Sunflower Series Review: An exceedingly bizarre mystery comedy

Vikas Bahl and Rahul Sengupta direct the oddest, most annoying web show of the year
Rating:(1.5 / 5)

I was initially on board with Sunflower, a new comic murder mystery series written and co-directed by Vikas Bahl. By the fourth or fifth episode, though, my face was in my palm. This is a show so willfully bizarre, so obsessed with sight gags and random squeaks and squeals, that it ceases to amuse after a point. There hasn’t been an Indian web show so epically nuts. “Risky is awesome, babe,” says a character in the series. Well, so is thought, deliberation and artistic restraint.

Cast: Sunil Grover, Ranvir Shorey

Director: Vikas Bahl, Rahul Sengupta

Streaming on: Zee5

The plot is workable enough: a reverse whodunit set in a Mumbai co-operative housing society. Vikas, as most would know, was a producer on the 2013 mystery thriller Ugly. He pays a direct tribute at the start: actor Girish Kulkarni, the memorable Marathi cop from Anurag Kashyap’s film, dons a version of that character here. But where everyone was a suspect in Ugly, the fun in Sunflower – on paper, at least – comes from watching the wrong guy take the fall. The main suspect, played by Sunil Grover, is Sonu, a bachelor living alone in Sunflower society. But there are also others who draw the eye: the victim’s neighbours, his ex-wife, even the Chinese delivery boy who brought his food. 

Some of the characters are fun to track. Sonu, for instance, has a meticulous morning ritual: he steps outside his flat, peers through his own door hole, fixes the mat, scans the opposite apartment and takes the lift. Ranvir Shorey’s cop is always doing the crosswords and wears thick convex-lens glasses, like a po-faced Bubbles from Trailer Park Boys. The rest are mere cartoons. The conservative society elders – one of them played by Ashish Vidyarthi – won’t pass muster in a YouTube sketch.

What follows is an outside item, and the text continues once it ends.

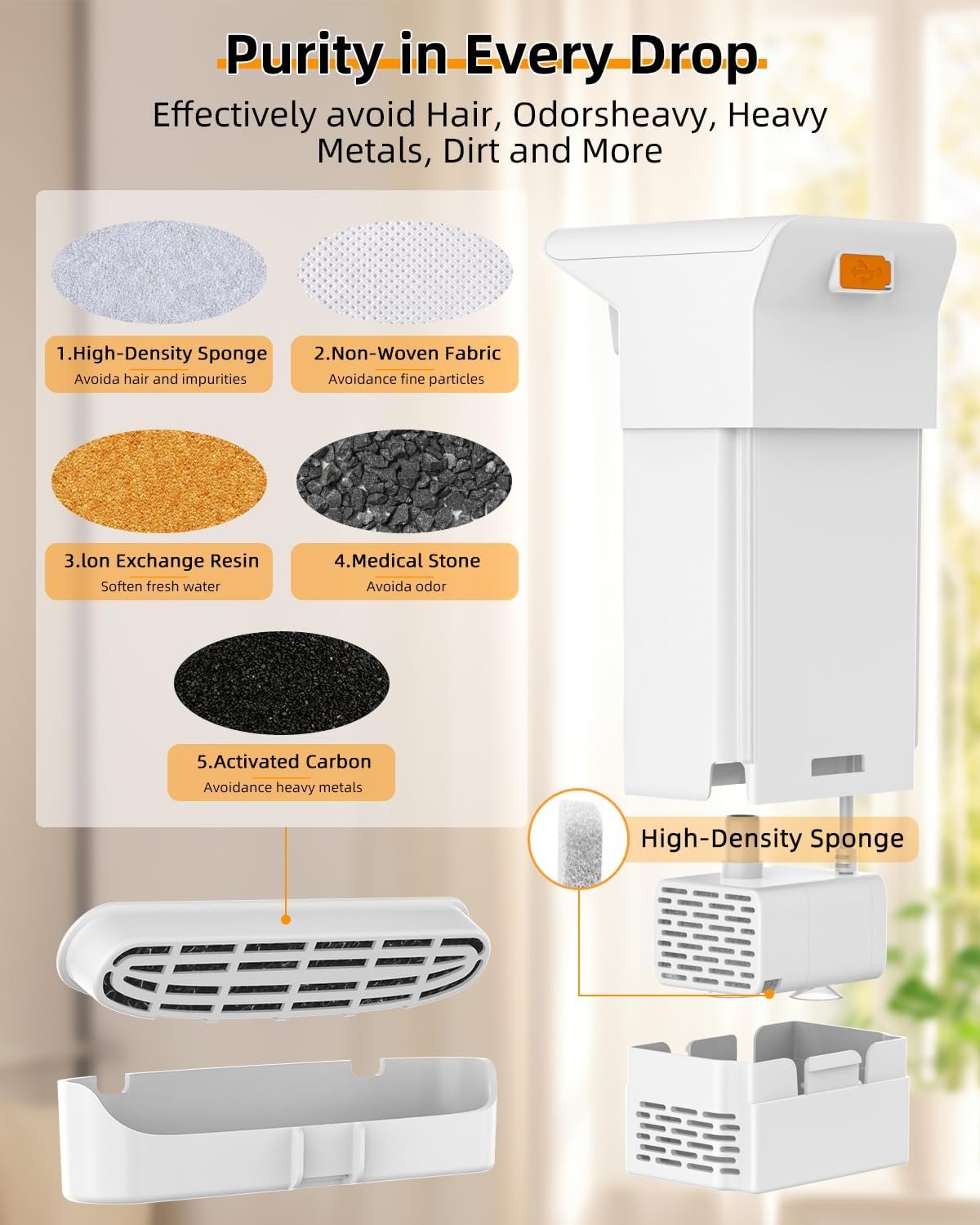 【Enjoy Every Sip of Fresh Water】Provide oxygen-enriched and better-tasting water for your cat. 1.Non-woven fabric could avoid hair and impurities; 2.Ion exchange resin could soften fresh water; 3.Activated carbon avoid odor; 4.Medical stone avoidance heavy metals and releases trace elements; 5.Quiet pump high-density sponge helps avoid fine particles.
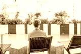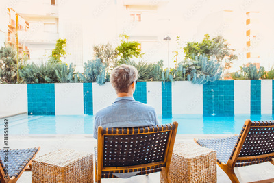 Back view young caucasian man in blue shirt relaxing on chair near swimming pool watching running water and plant flowebed. Summer, travel, vacation and holiday concept. Slow lifestyle. Copy space.

Though he’s been getting dramatic roles for a while, this is Sunil’s first-ever series outing as lead. He lends a sly, slimy quality to Sonu, and seems attuned to the character’s innate weirdness. But the show plays it safe, giving him scene after scene of mirthless slapstick. In one, he’s chased around by a cab driver; in another, he loses his pants in a loo. It’s Comedy Nights all over again – minus the comedy.

Sunflower ventures a muted sermon on everyday bullying. The victim, a large man egotistically named Raj Kapoor, routinely harassed his neighbours. Life in housing societies is inevitably made up of these micro-aggressions. It made me expect something deeper to the nonsense – to no avail. The series isn’t concerned with how people live or interact in co-op communities. Its meanness spills in every direction, from a maid who works the floors to a tertiary character who’s run from home.

Queen, Vikas’s second feature, boasted some of the funniest Hindi film lines ever written. Sunflower sinks its head in comparison. The English insult—“think the sun shines out of your arse”—is thoughtlessly translated to Hindi and played. And at a pub, Sonu’s date rubs cocaine in his mouth and says: “This isn’t paste. It’s entertainment.” Go, liar.